Reconstruction of the bookcase that covered the entrance to the Secret Annex, 
in the Anne Frank House in Amsterdam  

Anne wrote about her life in the small yet cozy little annex. She told us funny little stories like how the two families dislike each other, how they preserve food, who were the ones who helped them generously.... to miserable details such as everyone's tension for hiding, the fear of being caught and murdered and their sincere but dim hope of leaving the annex one day. 

Although the days of hiding must be boring her to death, she lived with optimism. She dreamed of her life when the war was over, when she grew up and imagined how the world will be when she resumed to her cheerful life.

A dream is just a dream when it never happens. They were discovered in 1945, sent away for camps and eventually all died before the war ended.
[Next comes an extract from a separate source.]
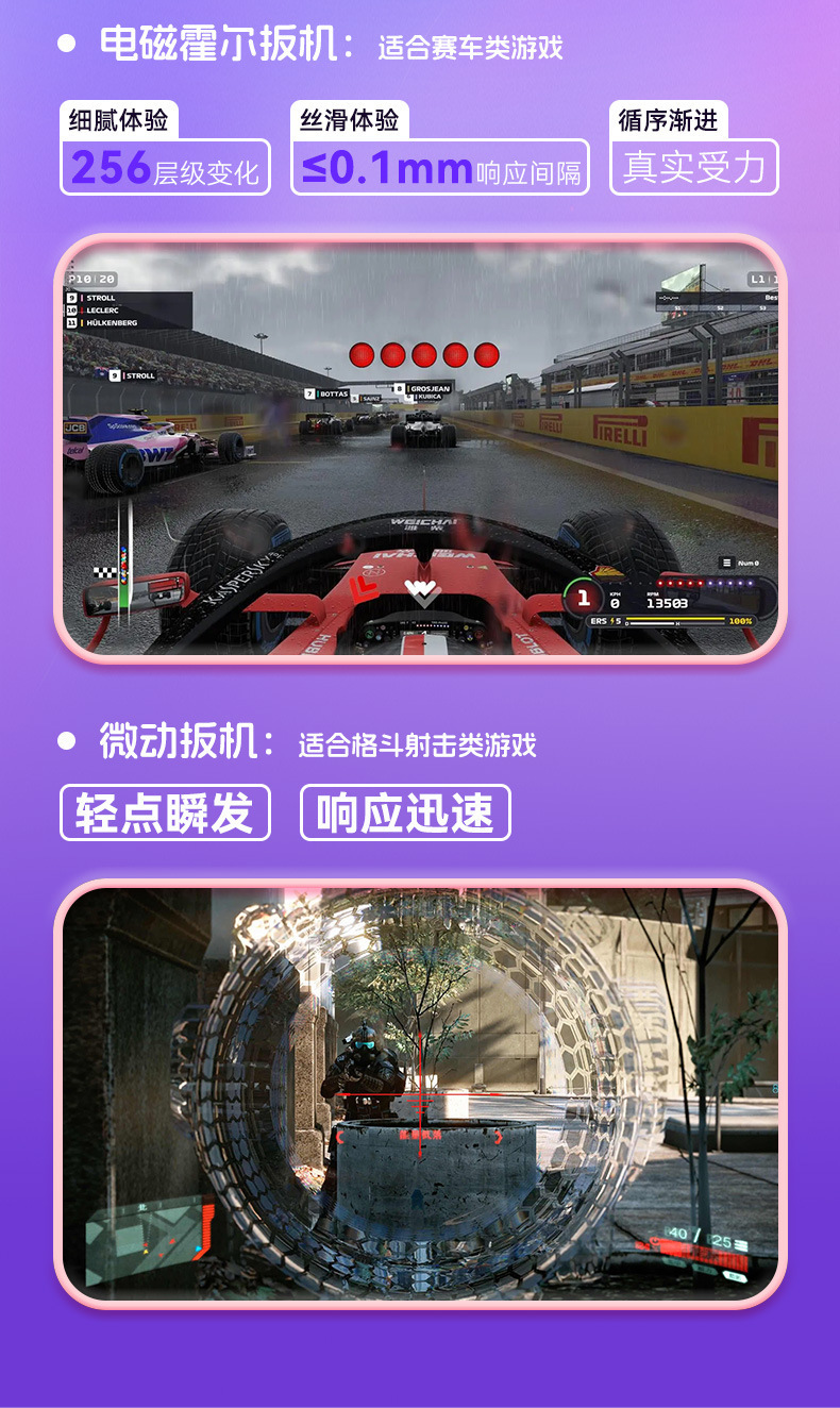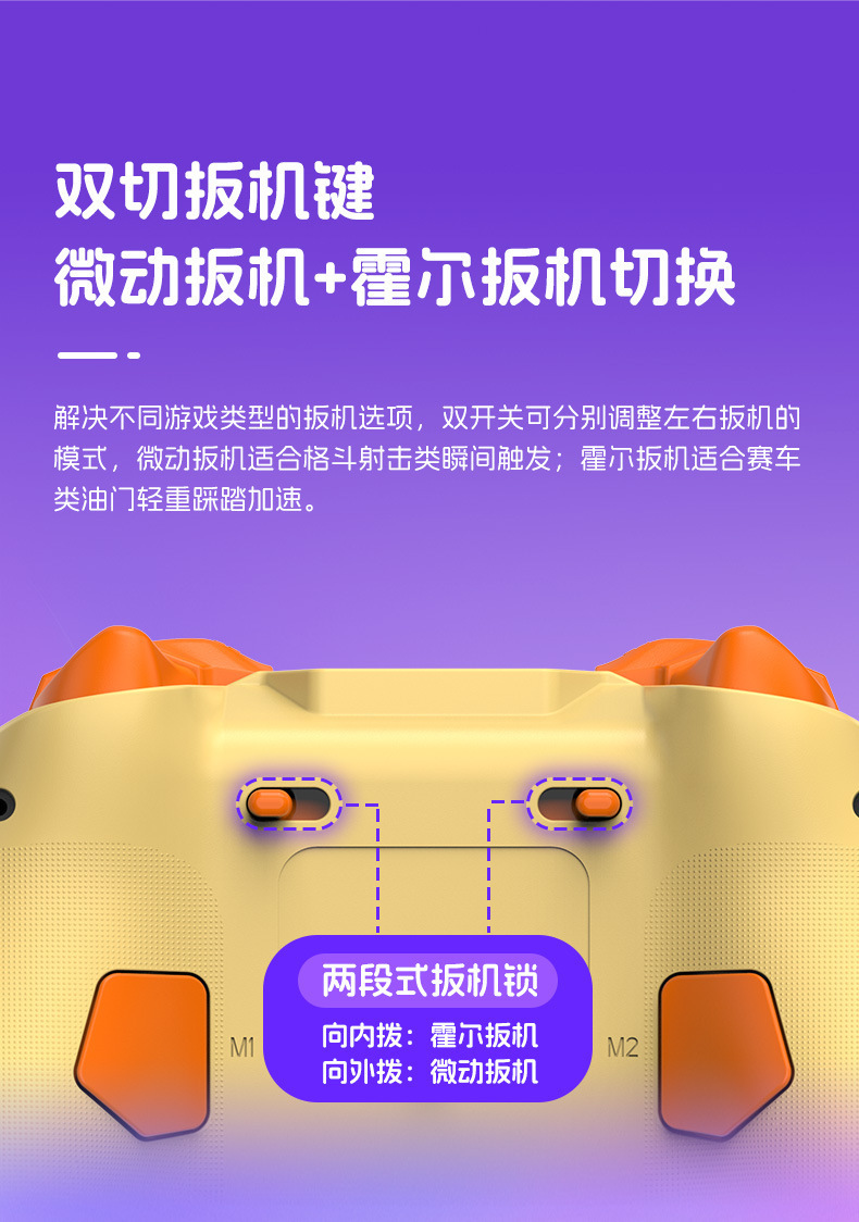 1.搭载霍尔摇杆、双切扳机键:微动扳机+霍尔扳机切换;

Her closest and favourite family member, her father Mr Frank was the only survivors of the eight hiding Jews. He decided to publish his daughter's diary, which chronicles her life from 12 June 1942 until 1 August 1944.

Facing hunger, fear of discovery and death, and the petty frustrations of such confined quarters, Anne writes with adult wisdom and views beyond her years. Her story is that of every teenager, lived out in conditions few teenagers have ever known.
 (quoted from back cover of the book)

Are we taking life for granted?

I am ashamed of my indifference to war, peace and human's right. For me war was just a term to describe historical events and we learn it from all the facts and figures in books. When was the war started, how many people died, which country won the war... It's all about rigid, lifeless and scary data. When I got to read, see and feel the fear, significance, sacrifice and consequence of a war, I am speechless. I have been taking peace, health, freedom and everything in my life for granted.

I visited Nanjing Massacre Memorial Hall (侵华日军南京大屠杀遇难同胞纪念馆) in Nanjing a few years ago. There were statues, sculptures, pictures, data, stories and even human skulls displayed in the museum to remind the successors the pain of war. Perhaps I was too young to appreciate the silent reminders and dreary stories of the ancestors, it didn't bring out the conscious and gratefulness in me. I was just complaining about the boredom of history and the weather. Until I meet Aung San Suu Kyi and Anne Frank. 

The world is getting crazier and human's hearts are getting colder. We don't need silly war and stupid quarrel between nations or between men anymore. Aren't we always saying we are at a modern and civilized era now? 

Anne, do you know?

If Anne is alive now, I believe she will be an avid blogger. As she mentioned to Kitty,
I hope I will be able to confide everything to you, as I have never been able to confide in anyone, and I hope you will be a great source of comfort and support.
Writing in a diary is a really strange experience for someone like me. Not only because I've never written anything before, but also because it seems to me that later neither I nor anyone else will be interested in the musings of a thirteen-year-old schoolgirl. Oh well, it doesn't matter, I feel like writing, and I have an even greater need to get all kinds of things off my chest.
Paper has more patience than people.
Well well, Anne, do you know millions of people had read/is reading/ will read your little diary? How will you react to this unexpected fame of your little kitty? And Anne, I agree with you, paper has more patience than people. Everyone is so busy, including myself. Oh and we don't write so much nowadays, we type and blog to share our thoughts.

Anne, thank you for reminding me to believe in writing. I used to care so much about who has read my blog, how many page views I got everyday, and I used to be so sad for not getting any response from my readers. but in fact, who cares about those things? When time goes by I realize age views are just rigid, lifeless and insignificant data. The main point is, I feel like writing, and I have an even greater need to get all kinds of things off my chest. Of course, if people read your work and agree with you, share the same thought and interest with you, that will be a true bonus.

I still have half of the book to read and a few movie adaptations of the book to watch. I am sure they will inspire me even more. Till then, take care.